(Records provided begins)

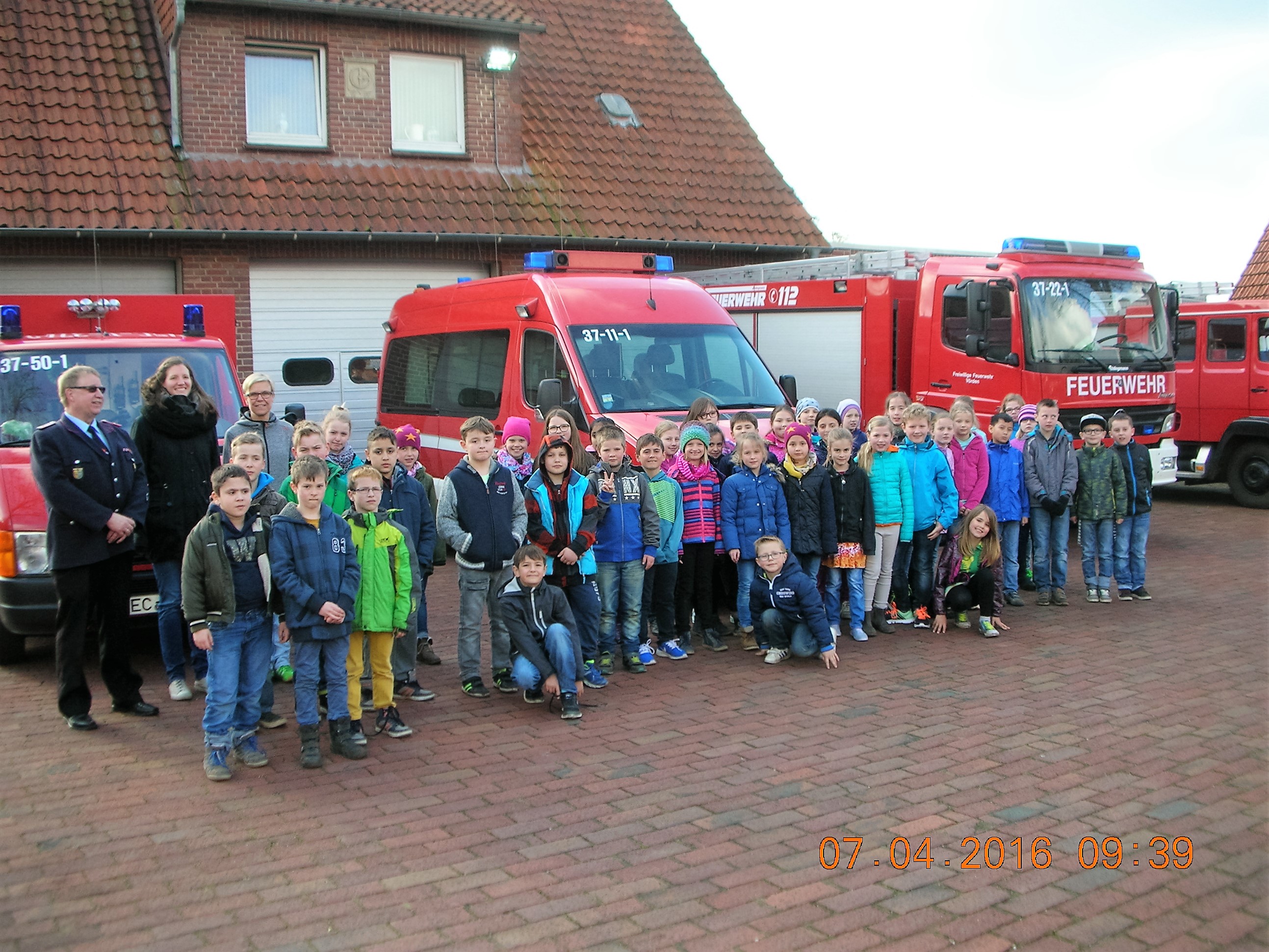 Am Do., dem 28. Mai besuchten die Klassen 3a und 3b der Grundschule Vörden mit ihren Lehrerinnen die Feuerwehr.
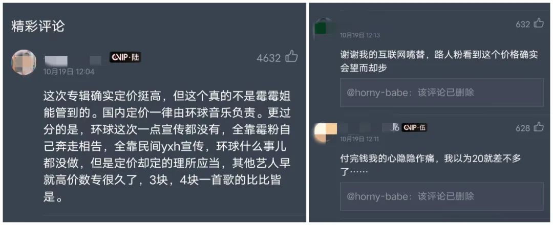除此之外,除了各大平台的开屏、焦点图宣传,唱片发行方环球音乐并未在发行前对专辑进行大规模的宣传,平台在上线专辑时也打出了“空降大礼”、“无预警释出”的字样。如此一来,环球音乐在专辑行销推广的环节上就省下了一大笔钱,售价走高就凸显得似乎更不合理了。因此,专辑评论区的大量负面言论也直指环球音乐。
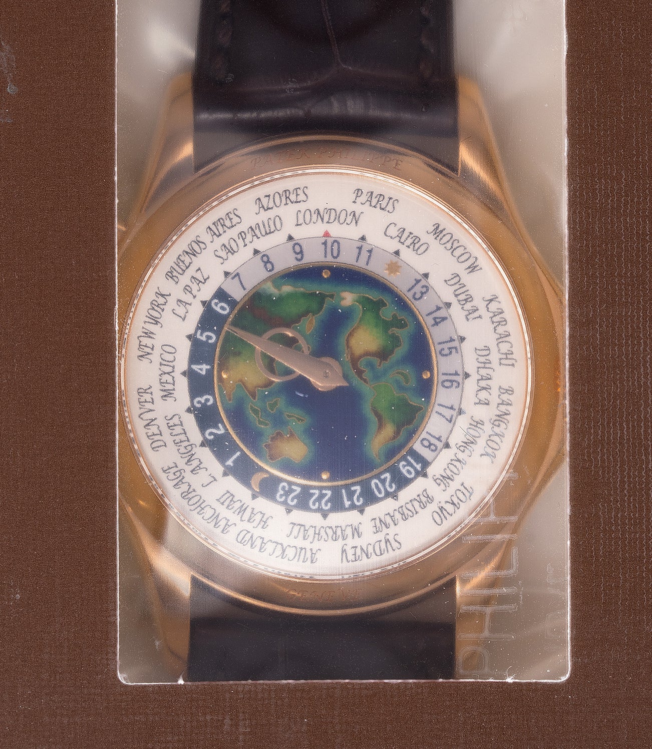 The present example Patek Philippe World Time ref. 5131R-010 features a beautiful cloisonné enamel dial depicting the continents of Asia, Americas and Oceana. Furthermore, the dial still features “Hong Kong” as one of the cities on the city ring, latter models features “Beijing” instead. Not only is this example complete with its full set of accessories, it remains in its double-factory-sealed condition like the day it was born from the manufacturer. Absolutely pristine and untouched, this ref. 5131R-010 is ready to kiss the wrist of a connoisseur for the first time.
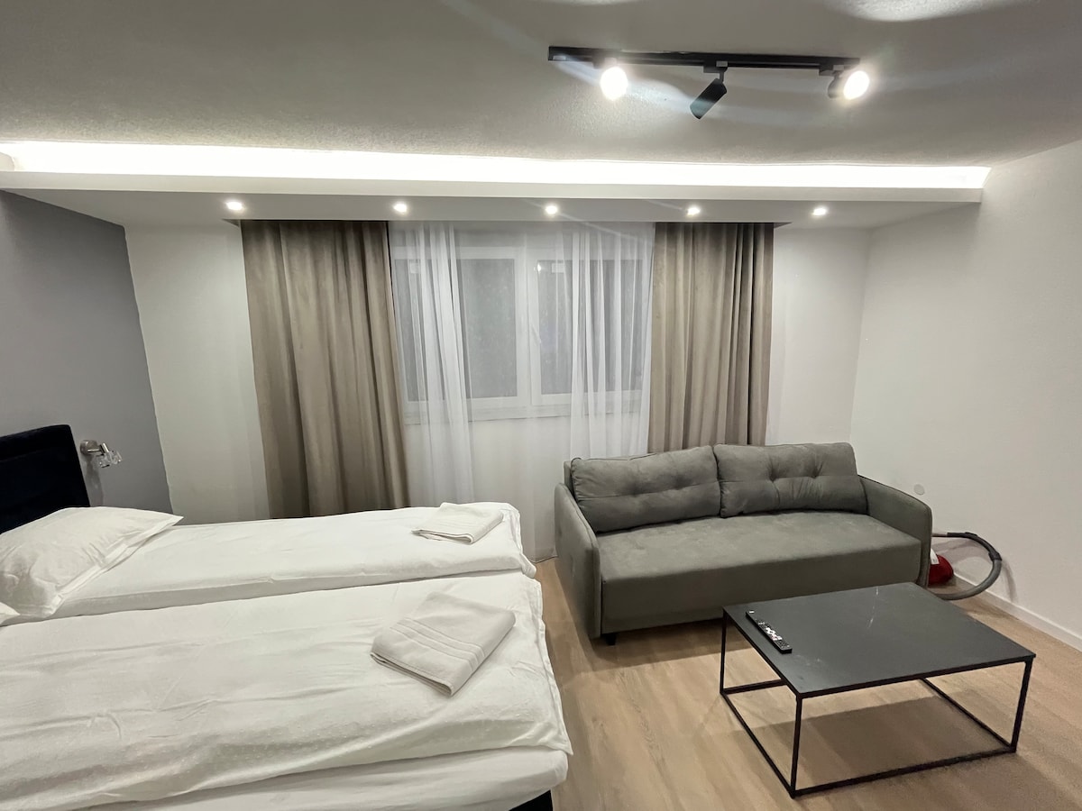Shic, stylish, sparkling clean and cozy 2-bedroom apartment with fully-equipped kitchen and balcony. Located in the quiet area with gorgeous views. Here you can plunge into the peace and serenity being surrounded by modern comfort. This bright and sunny apartment overlooks Piva Lake, crystal clear lake and majestic mountains (just from your bedroom!). The apartment is centrally located, few minutes from the bus stop, shops and cafes. Newly renovated with love to make your stay memorable!
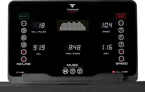 В программный пакет тренировочного компьютера входит масса различных программ. 18 предустановленных программных профилей ориентированы на различные задачи – тренировку выносливости, скорости, кардио, снижение веса и сжигание жира. Если по каким-то причинам ни один из 18 предустановленных профилей не подойдет – можно самостоятельно написать и сохранить в одном из трех слотов собственную программу. 3 пульсозависимые программы отвечают за тренировку тех пользователей, которым важно контролировать показатели частоты сердечного ритма. Для точного определения пульса и просто комфортной тренировки в консоль встроен высокоточный беспроводной телеметрический приемник – оригинальный Polar™ (передатчик сигнала в виде нагрудного ремня приобретается отдельно). Разнообразить тренировку поможет мультимедийная составляющая – в дорожку установлены колонки мощностью 3 ватта, а звук воспроизводится с пользовательского смартфона через Bluetooth. Управлять воспроизведением аудио можно непосредственно клавишами консоли. Сам смартфон можно положить на предназначенную для этого подставку, а также зарядить через консольный USB порт.
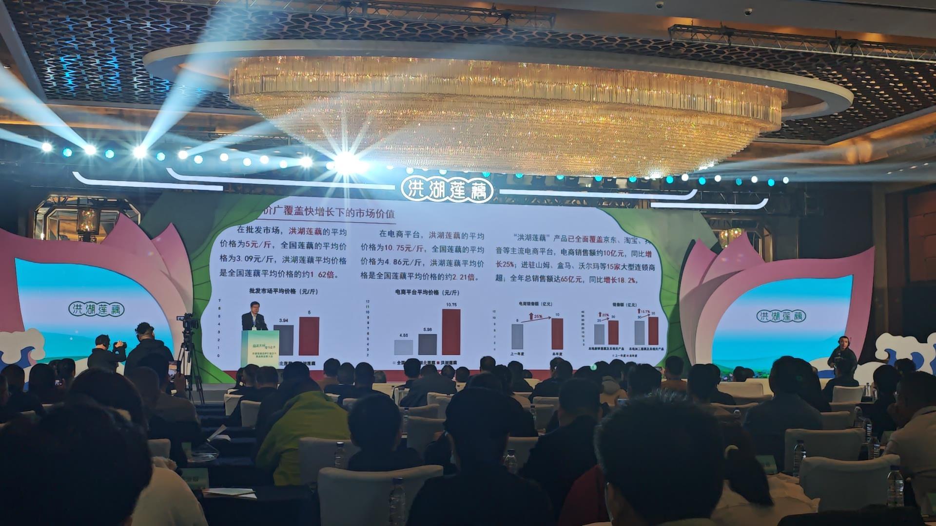 湖北省农业农村厅党组成员、总经济师曾德云在致辞中称:品牌扶持政策构建起“省级重点品牌+市县特色品牌+企业产品品牌”三位一体的品牌矩阵。目前洪湖莲藕已打造成全省唯一的莲藕省级重点区域公用品牌,先后入选农业品牌精品培育计划和中国农业品牌目录,获得国家地理标志产品、中国百强农产品区域公用品牌等殊荣。他表示,省农业农村部门将落实“藕七条”扶持政策,在基地建设、精深加工、冷链物流、品牌营销等方面给予全方位保障。
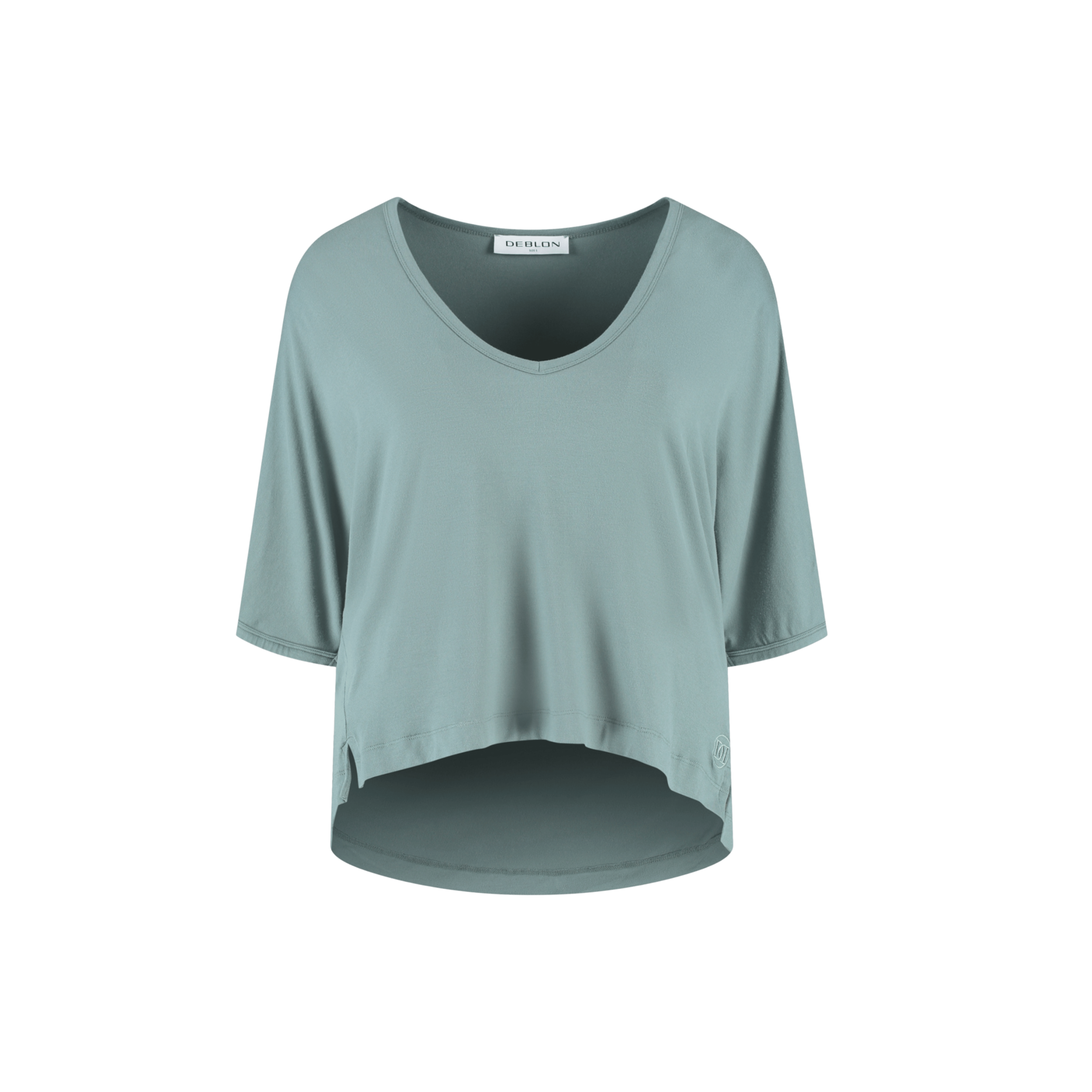 Dit shirt, gemaakt van 95% viscose en 5% elastine is uitgevoerd in een sage groene kleur. Hij heeft een v-hals en wijd uitlopende mouwen tot over de elleboog. De voorkant valt korter als de achterkant en aan de zijkant zitten kleine splitjes.
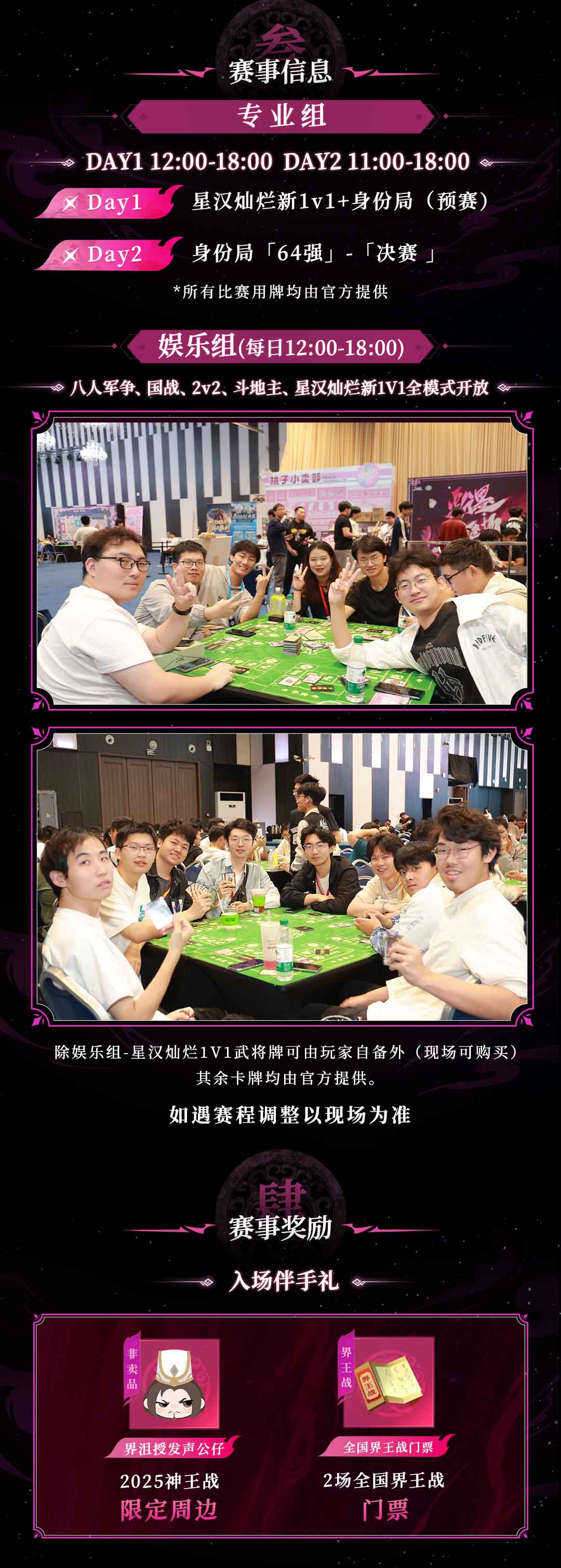 专业组加入全新玩法,星汉灿烂1V1+八人军争身份局双重模式,角逐超2万元奖金、段位积分、2025赛事专属武将纪念闪卡及2025三国杀王者之战年度盛典直通名额;娱乐组保留军争八人局、斗地主、国战、2v2及星汉灿烂1V1等自由匹配的经典模式,通过对局还可获取殺币兑换天工宝库超多福利!贾诩发声公仔首发,现场福利抽奖一应俱全,报名签到即可领取伴手礼:2025神王战限定“界沮授发声公仔”(非卖品)及全国界王战双场门票,专业组可额外领取星汉灿烂·共砺卡包与蚀心入魔·疑卡包,娱乐组可额外领取三国杀王者之战新手体验牌。
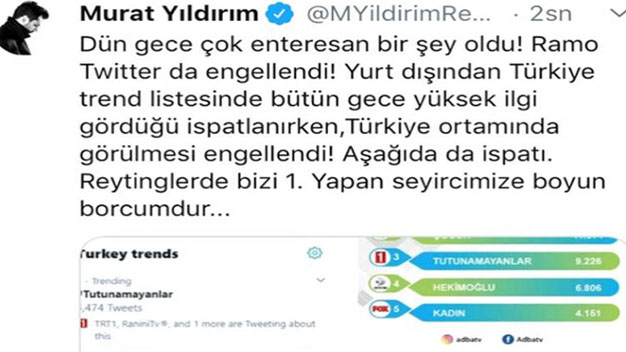Başrollerinde Murat Yıldırım ve Esra Bilgiç’in rol aldığı ilk iki bölümü ekrana gelen ve BKM yapımı Ramo seyirci tarafından sevilmiş durumda. Reytingleri oldukça iyi olan dizi ayrıca sosyal medyada da kendisini sıklıkla yer bulma başardı. Ancak Salı akşamı ikinci bölümüyle ekrana gelen dizinin yeni bölümünün yayını sırasında oyuncu Murat Yıldırım sosyal medya hesabından bir paylaşımda bulundu. Oyuncu oldukça ses getiren bir iddiayı dillendirdi. Murat Yıldırım açıklamalarında “Dün gece çok enteresan bir şey oldu! Ramo Twitter’da engellendi. Yurt dışından Türkiye trend listesinde bütün gece yüksek ilgi gördüğü ispatlanırken, Türkiye ortamında görülmesi engellendi! Aşağıda da ispatı. Reytinglerde bizi birinci yapan seyircimize boyun borcumdur…” ifadelerini kullandı.
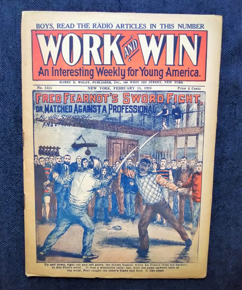 1924年 パルプ雑誌 Work and Win ダイムノヴェル Fred Fearnot Hal Standish Sword Fight 剣術 フェンシング 洋書 戦前アメリカ 三文小説
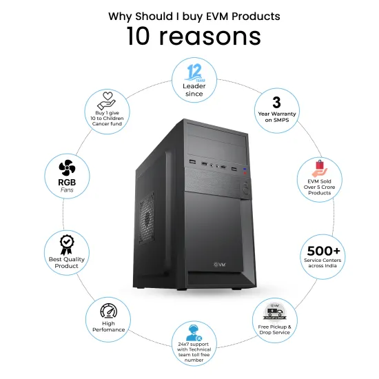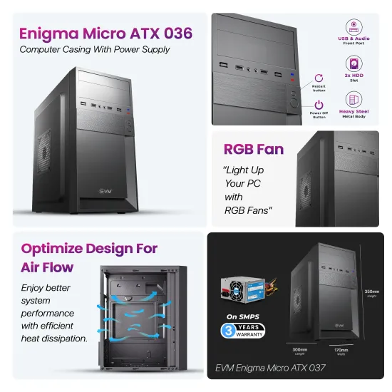 EVM Cabinet With SMPS Enigma Micro ATX 036 is a compact and efficient PC cabinet designed for Micro ATX system builds. With an included SMPS, it provides a cost-effective and ready-to-assemble solution for everyday desktop usage. Available at Golchha Computer, this cabinet is a reliable choice for users seeking durability and value in India.

(Records provided ends)

* **Task goal**:
Up to and including the line that holds "The present example", restate word for word each line of the records from their start, and only those lines, leaving out the pictures.

* **The completed task**:
 Am Do., dem 28. Mai besuchten die Klassen 3a und 3b der Grundschule Vörden mit ihren Lehrerinnen die Feuerwehr.
除此之外,除了各大平台的开屏、焦点图宣传,唱片发行方环球音乐并未在发行前对专辑进行大规模的宣传,平台在上线专辑时也打出了“空降大礼”、“无预警释出”的字样。如此一来,环球音乐在专辑行销推广的环节上就省下了一大笔钱,售价走高就凸显得似乎更不合理了。因此,专辑评论区的大量负面言论也直指环球音乐。
 The present example Patek Philippe World Time ref. 5131R-010 features a beautiful cloisonné enamel dial depicting the continents of Asia, Americas and Oceana. Furthermore, the dial still features “Hong Kong” as one of the cities on the city ring, latter models features “Beijing” instead. Not only is this example complete with its full set of accessories, it remains in its double-factory-sealed condition like the day it was born from the manufacturer. Absolutely pristine and untouched, this ref. 5131R-010 is ready to kiss the wrist of a connoisseur for the first time.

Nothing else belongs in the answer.